Catallaxy Services | Much Ado About Hadoop

Much Ado About Hadoop

Kevin Feasel (@feaselkl)
http://CSmore.info/on/hadoop

Who Am I? What Am I Doing Here?

	Catallaxy Services
	Curated SQL
	PolyBase Revealed

@feaselkl

Agenda

Basic Overview
(2007-2011) The Birth of Hadoop
(2012-2014) Hadoop Hits the Mainstream
(2014-2016) Faster, Please
(2016-Now) Streaming and Cloud
Comparison to SQL Server
Microsoft and Hadoop

The Origins of Hadoop

Hadoop started as a pair of Google whitepapers: the Google File System and MapReduce. Doug Cutting, while working at Yahoo, applied these concepts to search engine processing.

Since then, Hadoop has taken off as its own ecosystem, allowing companies to process petabytes of data efficiently over thousands of machines.

Great Use Cases

Processing gigantic numbers of records, where a single-server solution is cost prohibitive or unavailable.
"Cold storage" of relational data with PolyBase.
Real-time ETL and streaming of data.
Statistical analysis of gigantic data sets.
A central data repository (data lake).

Important Skills

Java -- You can use other languages (e.g., Scala, Python, even C#) but Java is the most prevalent.
SQL -- There are several SQL engines in the Hadoop ecosystem including Hive, Spark SQL, and Phoenix.
Shell scripting -- Knowledge of Bash is vital for administering a Hadoop cluster and even writing jobs to operate against your cluster.
Linux -- Some components can run on Windows, but everybody uses Linux.

Gotta Catch 'Em All

Warning: many of these products have names very similar to Pokemon. Ex: Metron vs Magneton.

Agenda

Basic Overview
(2007-2011) The Birth of Hadoop
(2012-2014) Hadoop Hits the Mainstream
(2014-2016) Faster, Please
(2016-Now) Streaming and Cloud
Comparison to SQL Server
Microsoft and Hadoop

The Hardware Paradigm

Lots of off-the-shelf servers with direct attached storage. "Lots" was dozens, then hundreds, then thousands.
Storage was primarily spinning disk.
Servers were held on-prem.
Servers were phyiscal machines.
There was some expectation of server failure.

This hardware paradigm drove technical decisions.

Node Types

There are two primary node types in Hadoop: the NameNode and data nodes.

The NameNode is also known as the control node or the head node. It is responsible for communication with the outside world, coordination with data nodes, and ensuring that jobs run.

Data nodes store data and run code, returning results back to the NameNode to make available to the user.

HDFS

HDFS is append-only, meaning you can add rows to an existing file, but cannot modify or delete rows in an existing file. Deleting or modifying rows requires deleting and re-loading that file, and even adding rows probably should be done in a different file.

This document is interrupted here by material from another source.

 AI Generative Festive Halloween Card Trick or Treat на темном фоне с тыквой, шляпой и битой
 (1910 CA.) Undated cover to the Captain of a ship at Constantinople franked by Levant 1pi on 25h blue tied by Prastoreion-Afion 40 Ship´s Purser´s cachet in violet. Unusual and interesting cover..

A common pattern is to use folders to hold similar data and process all data in that folder as a unit. In that case, we still want the invidiual files to be large enough to chunk out and distribute.

The Software Paradigm

On Linux, C is still popular, but Java is the most cross-portable.
RAM is much faster than disk but is limited.
Network bandwidth is somewhat limited.
Data structure is context-sensitive and the same file may have several structures.
Developers know the data context.

This is how we got semi-structured data retrieval with MapReduce.

Data Retrieval

Hadoop follows a "semi-structured" data model: you define the data structure not when adding files to HDFS, but rather upon retrieval. You can still do ETL and data integrity checks before moving data to HDFS, but it is not mandatory.

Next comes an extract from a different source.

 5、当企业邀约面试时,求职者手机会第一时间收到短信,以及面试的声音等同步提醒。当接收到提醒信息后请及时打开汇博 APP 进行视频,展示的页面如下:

By contrast, a Kimball-style data warehouse is a structured data model: ETL is required before loading data into the warehouse. Once the data is in, queries can make good assumptions about data integrity and structure.

Data Retrieval

Semi-structured data helps in two situations:

Different lines have different sets of values.
Different applications need the data aligned different ways.

MapReduce

Map: filter and sort data
Reduce: aggregate data

Hadoop combines the Map and Reduce operations as part of its MapReduce engine. Each Hadoop "query" performs mapping and reduction on specific nodes in sequence.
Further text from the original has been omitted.